Why it matters: Load-based permit limits for total nitrogen and phosphorus mean that reducing storm-driven flows has direct regulatory and cost benefits for the town. Brian and operations staff said the city’s ARPA-funded projects (Broad Street, Roberts Mill, Meadowbrook and similar efforts) appear to have substantially reduced peak wet-weather flows and helped the plant meet permit conditions in recent years.
Staff described terracotta (clay) mains in older downtown neighborhoods as a primary source of infiltration. Brian said mapping shows completed work in Meadowbrook and near the elementary school but flagged Old Town (Middle Street, George Street, Cloverberry) as a remaining, technically challenging priority.
Operations staff (Kevin) gave concrete examples of reduced peaks: where a 1.5-inch rain once drove plant influent from ~500,000 gallons per day to over 2,000,000–2,500,000 gpd, post-rehab events now tend to remain well under 1,000,000 gpd in comparable conditions. “We have cut a lot of water out of that system, but there is still a lot to go,” Kevin said.

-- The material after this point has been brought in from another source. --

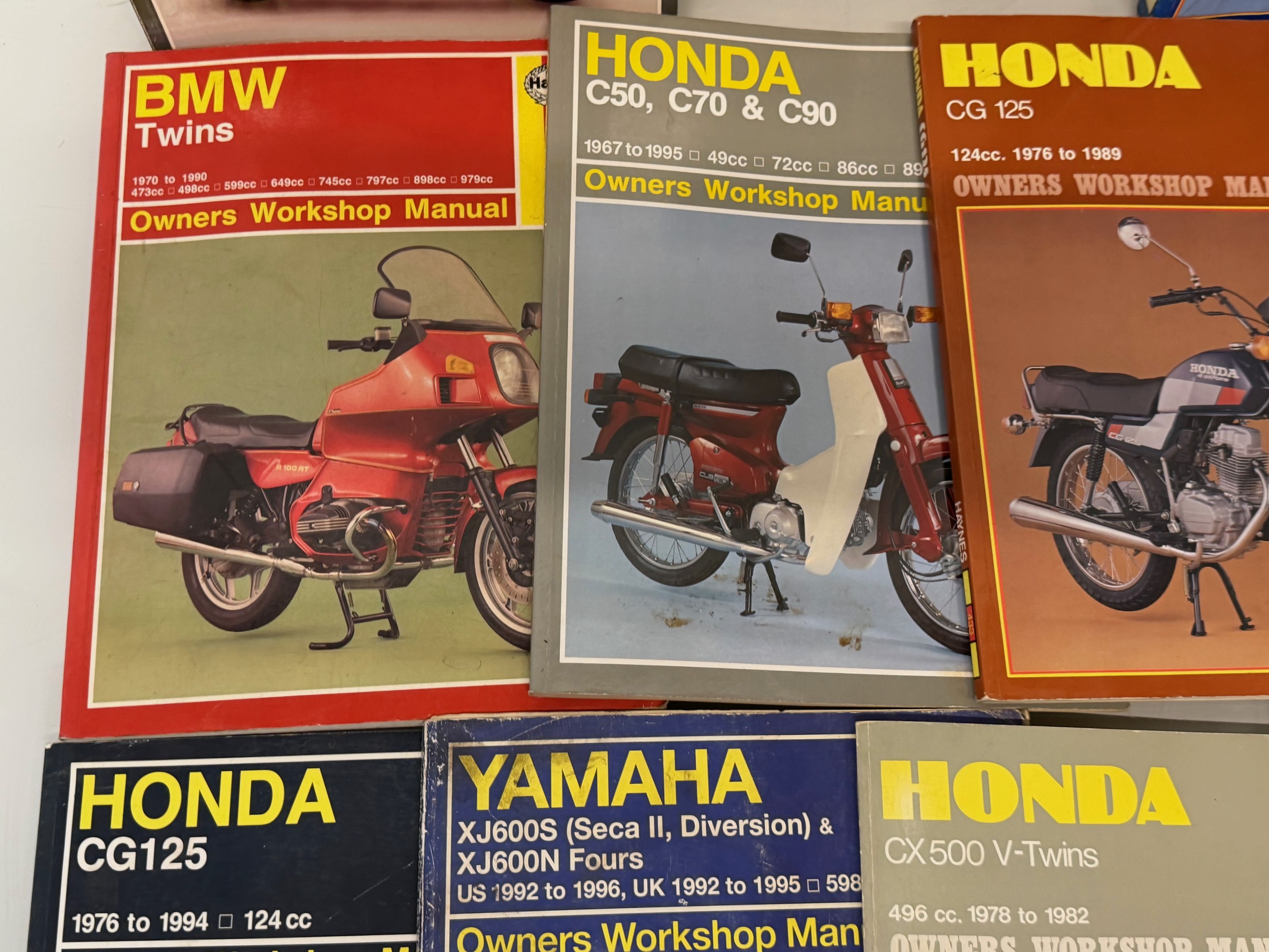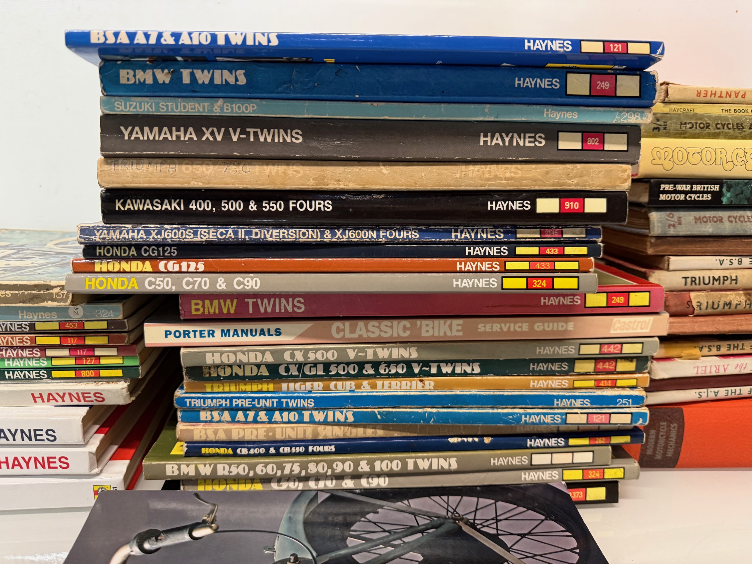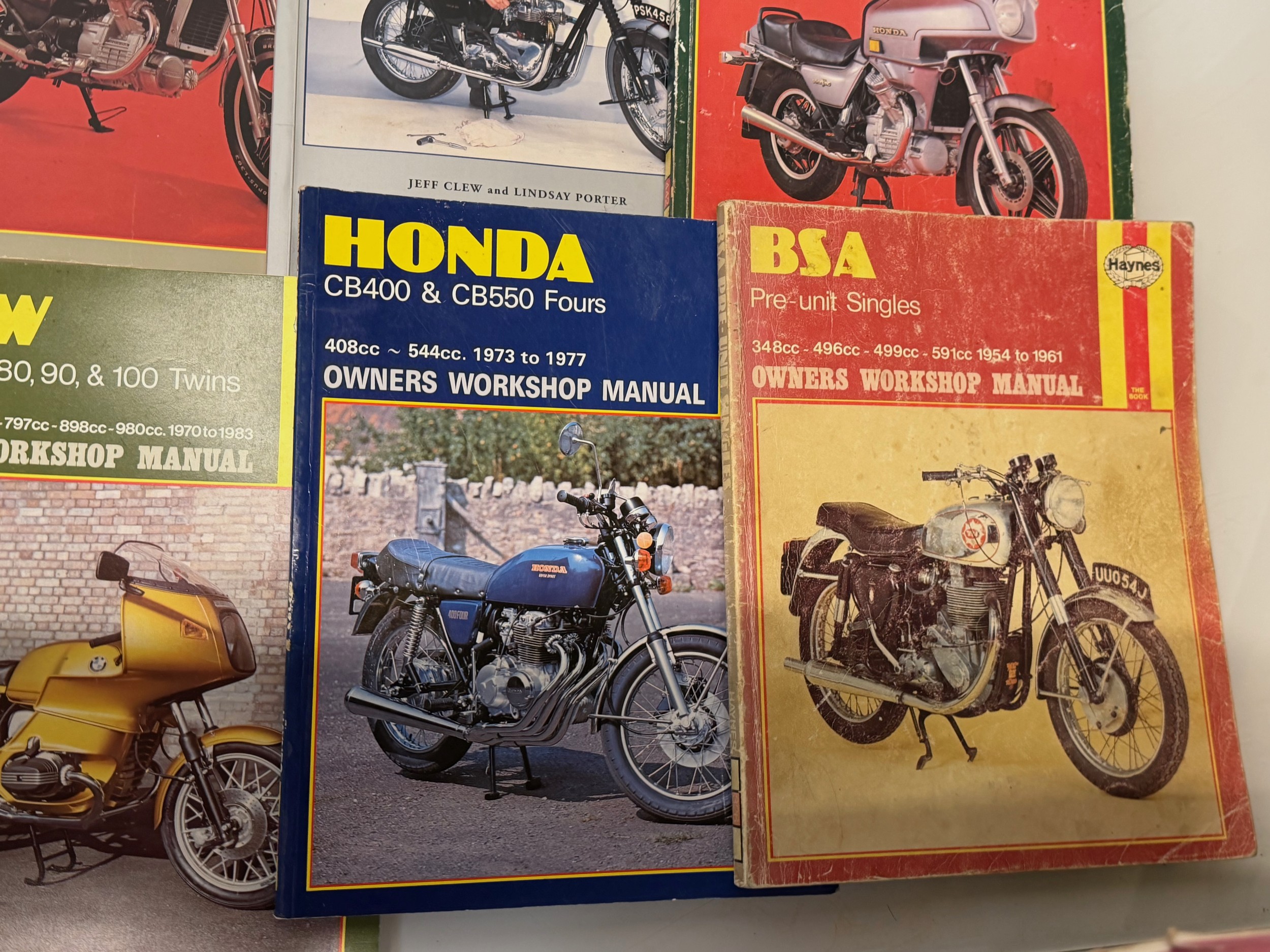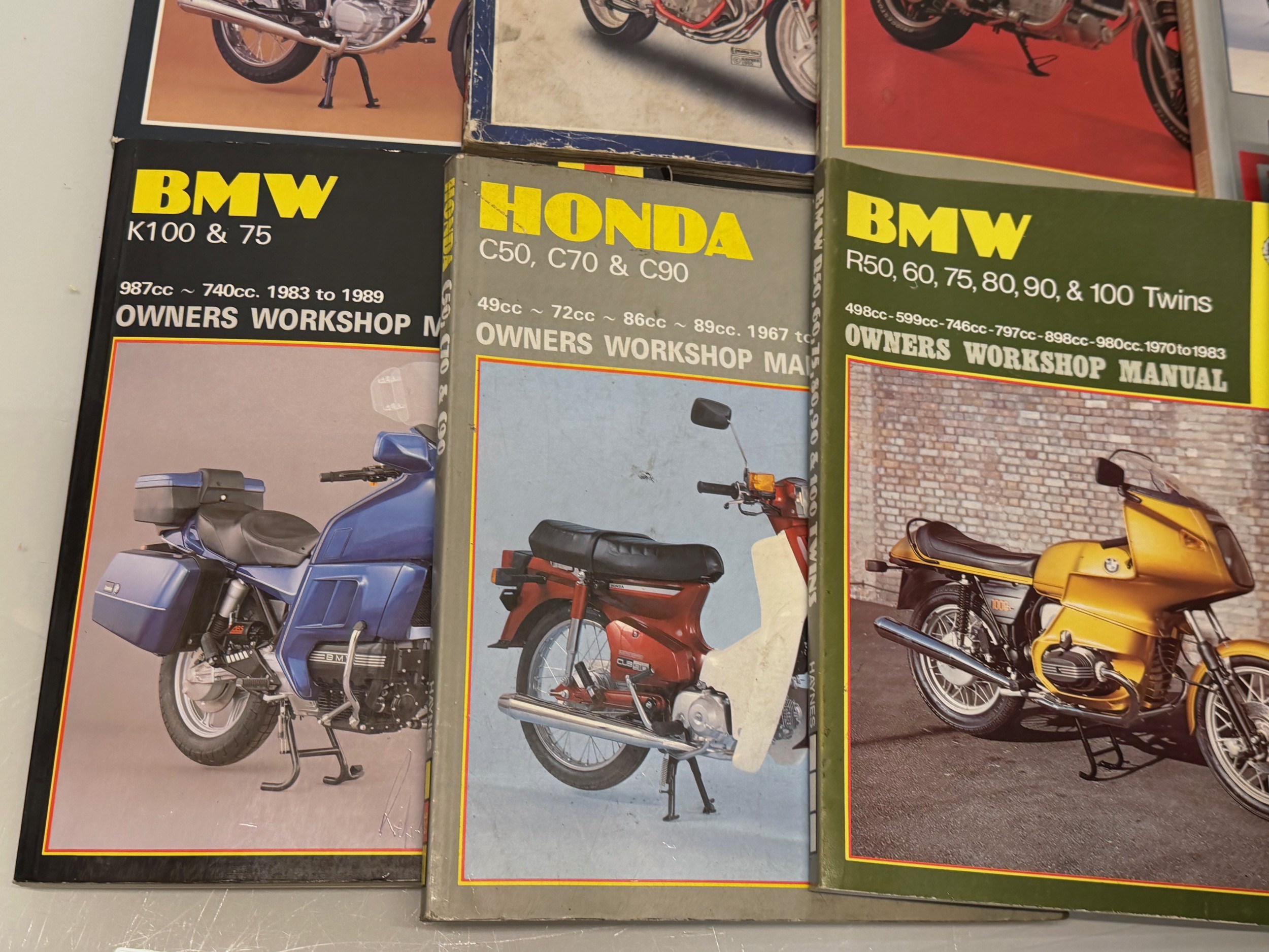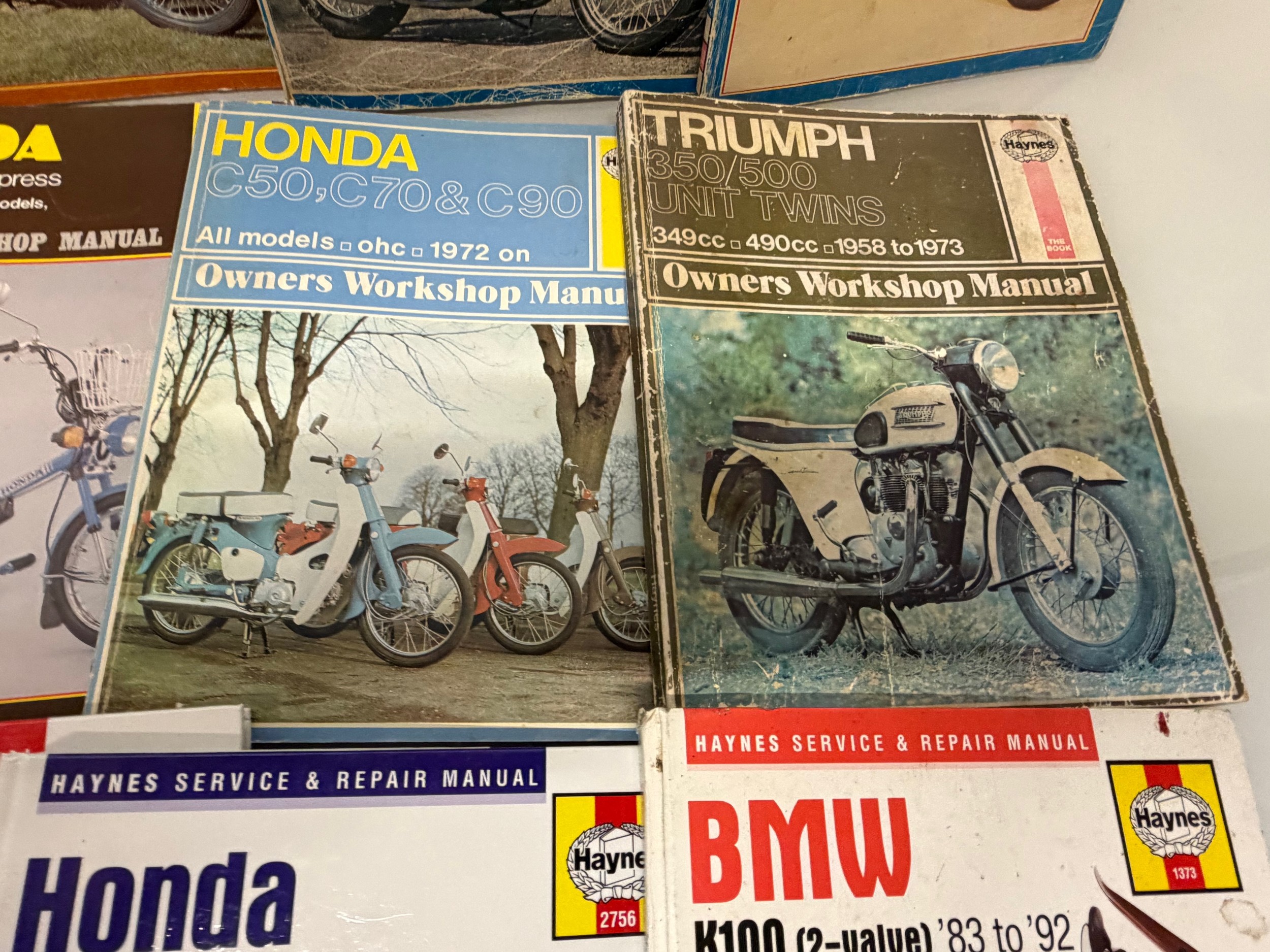 Automobilia, workshop equipment, a collection of motorcycle repair manuals, Haynes etc, 47 in all.

Councilors pressed for evidence of program effectiveness. Brian and staff recommended a targeted flow-monitoring deployment (meters plus a rain gauge) to collect apples-to-apples before/after comparisons and to verify which projects produce the greatest reductions. Staff recalled a 2020 deployment of seven meters and one rain gauge that cost $32,560 and said an updated deployment today would likely cost between $45,000 and $70,000 depending on scope and inflation.
The council asked staff to prepare a memo with a recommended scope, goals and a vendor cost proposal in time for the May budget discussions. Brian said the monitoring would not prove a single project’s exact gallons saved but would provide a clearer picture of trends and better inform project prioritization.
The meeting proceeded to capital planning and budget items after the technical discussion; council agreed to consider whether to fund the proposed meters in the FY27 budget.